Start of Block
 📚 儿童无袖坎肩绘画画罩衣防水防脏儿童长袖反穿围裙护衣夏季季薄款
End of Block
Start of Block
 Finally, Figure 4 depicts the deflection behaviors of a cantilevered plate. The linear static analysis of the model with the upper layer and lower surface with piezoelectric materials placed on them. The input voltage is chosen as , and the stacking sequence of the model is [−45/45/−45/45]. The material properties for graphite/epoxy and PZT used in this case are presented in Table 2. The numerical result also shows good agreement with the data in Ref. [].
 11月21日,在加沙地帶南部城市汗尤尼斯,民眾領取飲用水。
End of Block
Start of Block
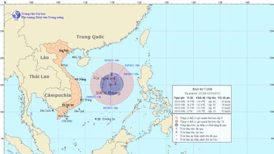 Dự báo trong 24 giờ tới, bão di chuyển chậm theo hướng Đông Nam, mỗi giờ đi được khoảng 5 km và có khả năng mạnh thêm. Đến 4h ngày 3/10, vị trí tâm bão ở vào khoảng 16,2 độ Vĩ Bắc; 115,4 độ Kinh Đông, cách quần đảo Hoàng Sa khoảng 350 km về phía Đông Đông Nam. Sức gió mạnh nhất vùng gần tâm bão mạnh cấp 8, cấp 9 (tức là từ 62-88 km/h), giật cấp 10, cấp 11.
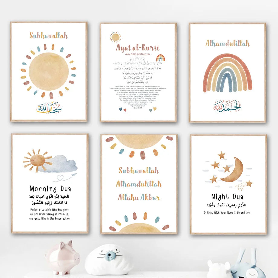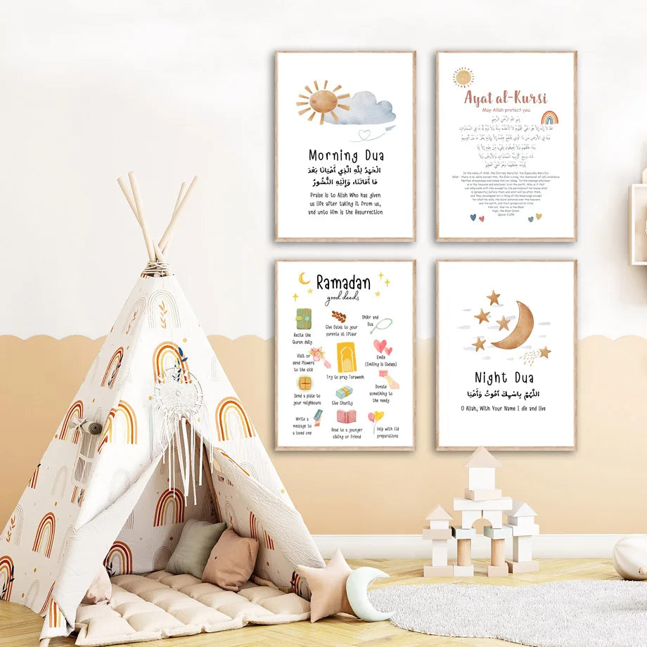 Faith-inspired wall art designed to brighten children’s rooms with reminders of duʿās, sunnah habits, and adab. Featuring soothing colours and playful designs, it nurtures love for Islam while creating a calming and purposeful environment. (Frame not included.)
End of Block
• _DIRECTIONS FOR THIS TASK_:
Send back an exact copy of only the lines from the line with "Finally, Figure 4" up to and including the line with "11月21日,在加沙地帶南部城市汗尤尼斯,民眾領取飲用水。" in the data above.

• _TASK RESULT_:
 Finally, Figure 4 depicts the deflection behaviors of a cantilevered plate. The linear static analysis of the model with the upper layer and lower surface with piezoelectric materials placed on them. The input voltage is chosen as , and the stacking sequence of the model is [−45/45/−45/45]. The material properties for graphite/epoxy and PZT used in this case are presented in Table 2. The numerical result also shows good agreement with the data in Ref. [].
 11月21日,在加沙地帶南部城市汗尤尼斯,民眾領取飲用水。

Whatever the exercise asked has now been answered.